Supreme Court 21 May 2021,19/05444, ECLI:NL:HR:2021:754
Pension plans administered by sectoral pension funds are subject to the Sectoral Pension Fund (Obligatory) Membership Act 2000 (‘Act Bpf’). Article 23 Act Bpf concerns the joint and several liability of (former) directors for the non-payment of pension premiums. If a company (legal entity) cannot pay pension premiums for its employees, the company should notify the sectoral pension fund immediately (paragraph 2). If the legal entity files this notification of its inability to pay (in time), its director will be liable for unpaid pension premiums (only) if it is plausible that non-payment of the premiums is the result of manifestly improper management attributable to that director in the three-year period preceding the time of notification (paragraph 3). If the legal entity does not file notification (in time) of its inability to pay, its director will be liable for unpaid pension premiums, on the understanding that non-payment is suspected to be attributable to that director and that the three-year period is deemed to commence at the time when the entity is in default. Admitted to refute the suspicion is the director who can argue convincingly that non-compliance with the duty of notification is not attributable to him/her (paragraph 4).
This case concerns the liability of a (former) director of a transport company for outstanding pension premiums for 2008, 2009 and 2010, although the notification of the inability to pay to the sectoral pension fund was filed in time on 4 December 2009. The director’s liability, therefore, not only relates to manifestly improper management in the three years preceding the notification but also to the period after that notification was filed (!).
In a previous ruling in this matter the Supreme Court held in 2017 that if a notification of the inability to pay has been filed, there is no need to refile such notification as long as there is no payment arrears, unless upon receiving payment the sectoral pension fund informs the party liable to pay that the fund no longer considers that party unable to pay.

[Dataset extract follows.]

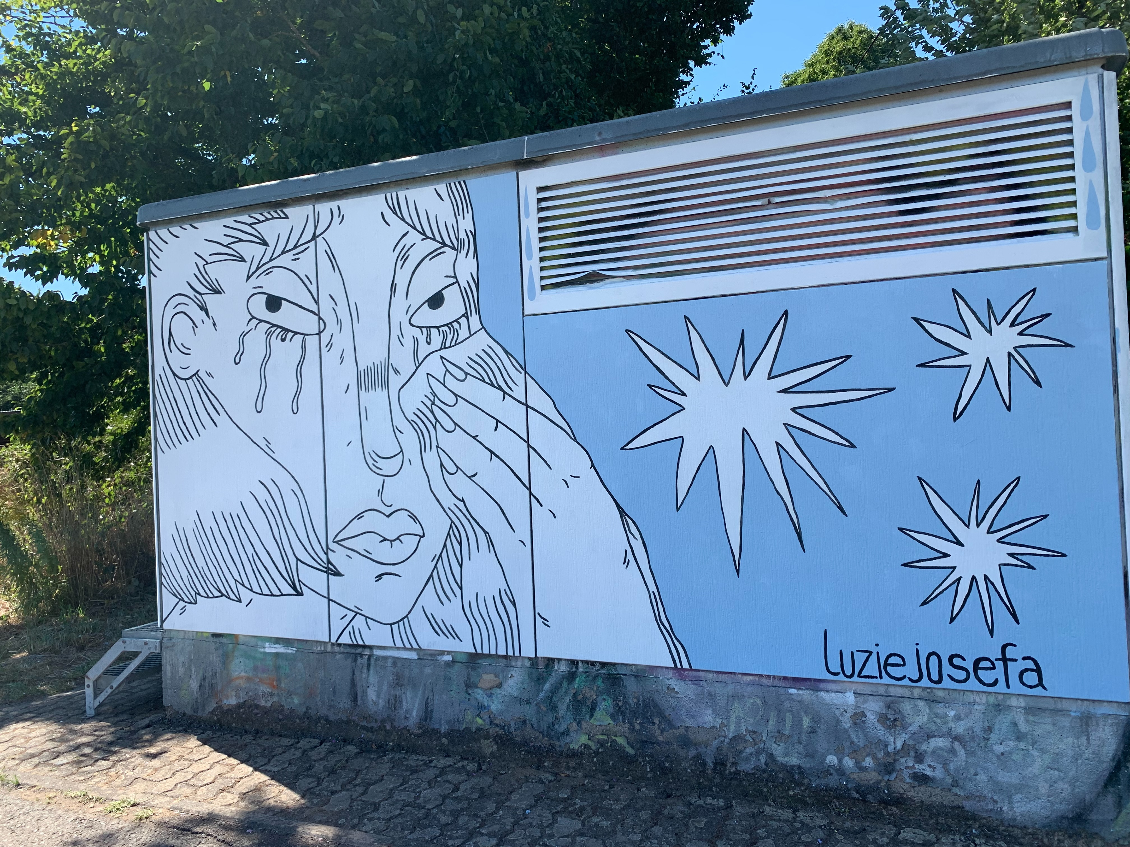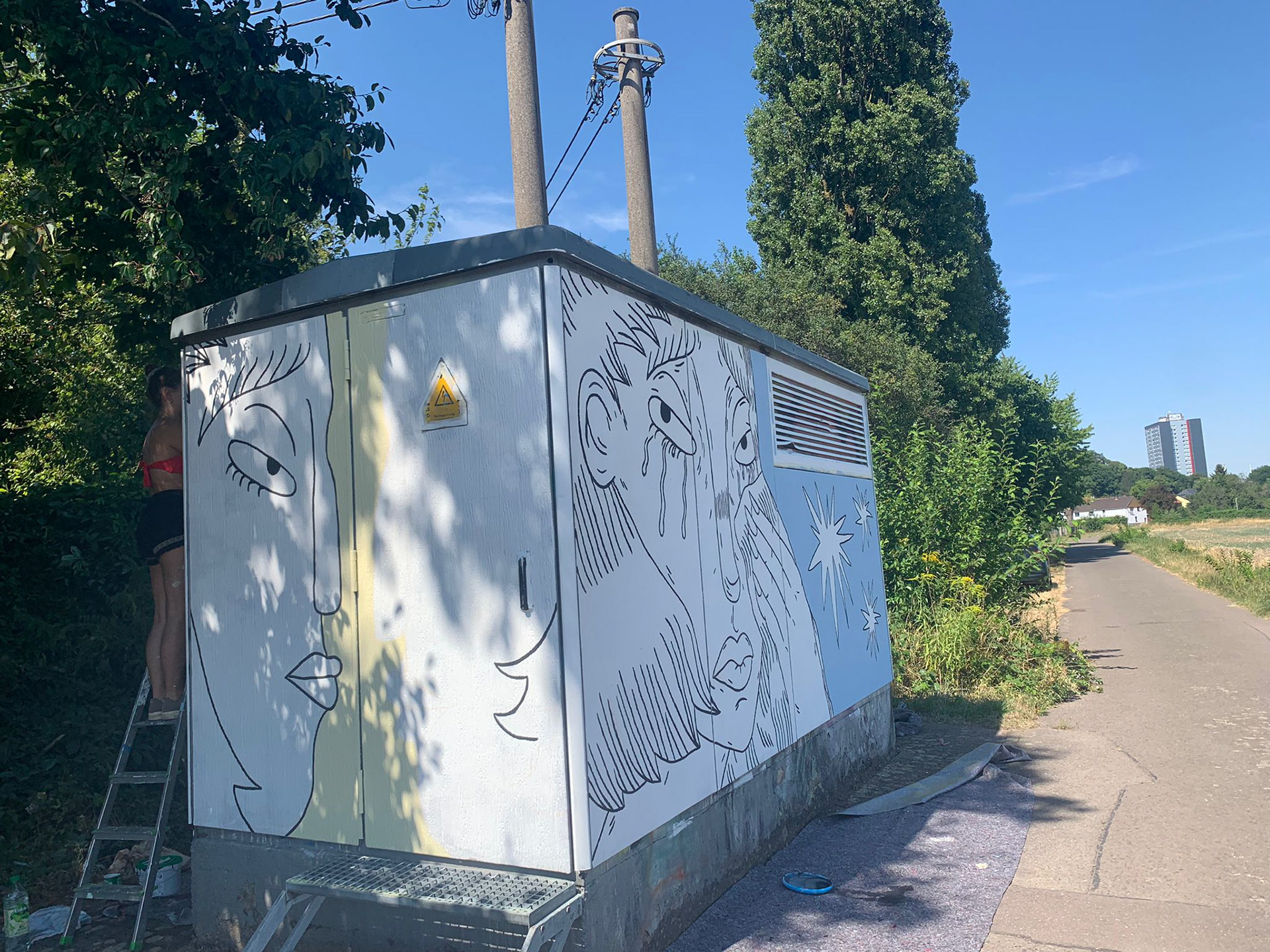 Stromhausgestaltung "Ciao Amore Mio", inspiriert von dem gleichnamigen Song der Musikerin Fuffifufzich. Standort: Saarlouis, Deutschland.

In this case, the Supreme Court added to this reasoning – in summary – the consideration that the mere notification of the inability to pay is not a licence to not pay pension premiums in a general sense – after filing the notification of its inability to pay at the end of 2009 the transport company had been making sales for months but the arrears in premiums had only increased – and that manifestly improper management should be assessed over the three years prior to the time when the notification of the inability to pay a specific premium should have been filed.
In short: the liability of (former) directors for outstanding pension premiums can be based on manifestly improper management in the period after the filing of a notification of inability to pay.